Tensegrity structures are 3-D trusses where members are assigned specific functions. Some members remain in tension while others are always in compression. Usually for compressive members, solid sections or bars are used; and string or cable type elements can be used as the tensile members.

Most bar–string configurations will not be in equilibrium. Hence, if constructed they will collapse to a different shape. Only bar–string configurations which are pre-stressed and in a stable equilibrium will be called Tensegrity structures. If well designed, the application of forces to a Tensegrity structure will deform it into a slightly different shape in a way that supports the applied forces.

The word “Tensegrity” is a contraction of the phrase “tensional integrity”. It can be traced back to Buckminster Fuller who first coined the phrase in his 1962 patent application. The construction of the first true Tensegrity structure is however attributed to the artist Kenneth Snelson who created his X- piece sculpture in 1948.

To summarise, the above descriptions cover most of the aspects of the Tensegrity concept which are listed as follows:

1. Pin-jointed bar frameworks: Tensegrity structures belong to the structural group of pin- jointed three-dimensional trusses.

2. Pure compressive/tensile members: Tensegrity structures contain only pure compression and tension members.

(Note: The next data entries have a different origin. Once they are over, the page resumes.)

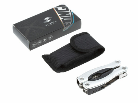 - Мультитул Stinger, 100x50 мм, 15 функций, сталь/алюминий/пластик, серебристый, в нейлоновом чехле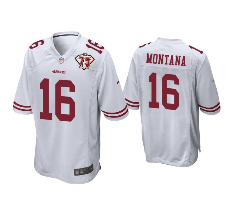 Men San Francisco 49ers #16 Joe Montana White 75th Anniversary Patch Game Jersey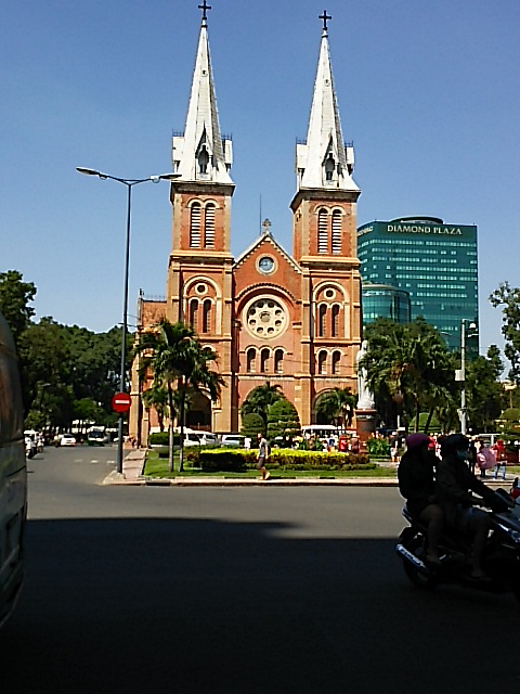 ドンコイ通りの一番北、広場のようなところにドーンと建ってます。

And tension elements used are cables which can sustain only tension.

3. Localisation of compression: In classic Tensegrity structures the compressive elements are discontinuous. They seem to be floating in a continuous network of tension elements.

4. Pre-stressed structures: A state of pre-stress or self-stress is required for the stability of the structure since it stabilizes internal mechanism.

CONCEPT OF TENSEGRITY STRUCTURES

Tensegrity structures are structures based on the combination of a few simple but subtle and deep design patterns:

1. Loading members only in pure compression or pure tension, meaning the structure will only fail if the cables yield or the rods buckle.

2. Preload or tensional pre-stress, which allows cables to be rigid in tension.

3. Mechanical stability, which allows the members to remain in tension/compression as stress on the structure increases.